■ **HOW TO COMPLETE THIS TASK**
The lines to reproduce from the material below are those from the one containing "6月6日(金)12:00より" through the one containing "- 🏕[What you", both included; write them out exactly and add nothing.

■ **EXTRACTED ENTRIES**
══════════

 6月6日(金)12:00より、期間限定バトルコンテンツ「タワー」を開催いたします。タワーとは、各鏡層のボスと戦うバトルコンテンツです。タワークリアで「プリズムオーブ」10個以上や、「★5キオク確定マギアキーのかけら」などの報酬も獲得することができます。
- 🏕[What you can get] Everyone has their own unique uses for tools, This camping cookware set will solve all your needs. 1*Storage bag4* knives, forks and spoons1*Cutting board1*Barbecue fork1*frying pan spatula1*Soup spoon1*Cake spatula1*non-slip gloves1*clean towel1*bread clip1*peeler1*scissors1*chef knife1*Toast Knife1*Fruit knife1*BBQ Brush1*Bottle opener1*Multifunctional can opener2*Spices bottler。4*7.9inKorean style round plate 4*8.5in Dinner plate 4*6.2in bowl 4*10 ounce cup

══════════

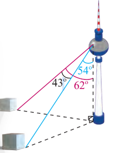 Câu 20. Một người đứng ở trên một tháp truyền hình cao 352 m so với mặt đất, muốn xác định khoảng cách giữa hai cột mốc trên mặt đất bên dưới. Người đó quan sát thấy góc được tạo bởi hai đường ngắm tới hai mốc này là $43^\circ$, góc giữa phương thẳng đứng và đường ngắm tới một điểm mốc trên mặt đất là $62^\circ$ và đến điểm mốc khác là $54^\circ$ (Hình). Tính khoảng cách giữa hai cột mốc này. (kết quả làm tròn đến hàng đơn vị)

══════════

■ **SOLUTION**
 6月6日(金)12:00より、期間限定バトルコンテンツ「タワー」を開催いたします。タワーとは、各鏡層のボスと戦うバトルコンテンツです。タワークリアで「プリズムオーブ」10個以上や、「★5キオク確定マギアキーのかけら」などの報酬も獲得することができます。
- 🏕[What you can get] Everyone has their own unique uses for tools, This camping cookware set will solve all your needs. 1*Storage bag4* knives, forks and spoons1*Cutting board1*Barbecue fork1*frying pan spatula1*Soup spoon1*Cake spatula1*non-slip gloves1*clean towel1*bread clip1*peeler1*scissors1*chef knife1*Toast Knife1*Fruit knife1*BBQ Brush1*Bottle opener1*Multifunctional can opener2*Spices bottler。4*7.9inKorean style round plate 4*8.5in Dinner plate 4*6.2in bowl 4*10 ounce cup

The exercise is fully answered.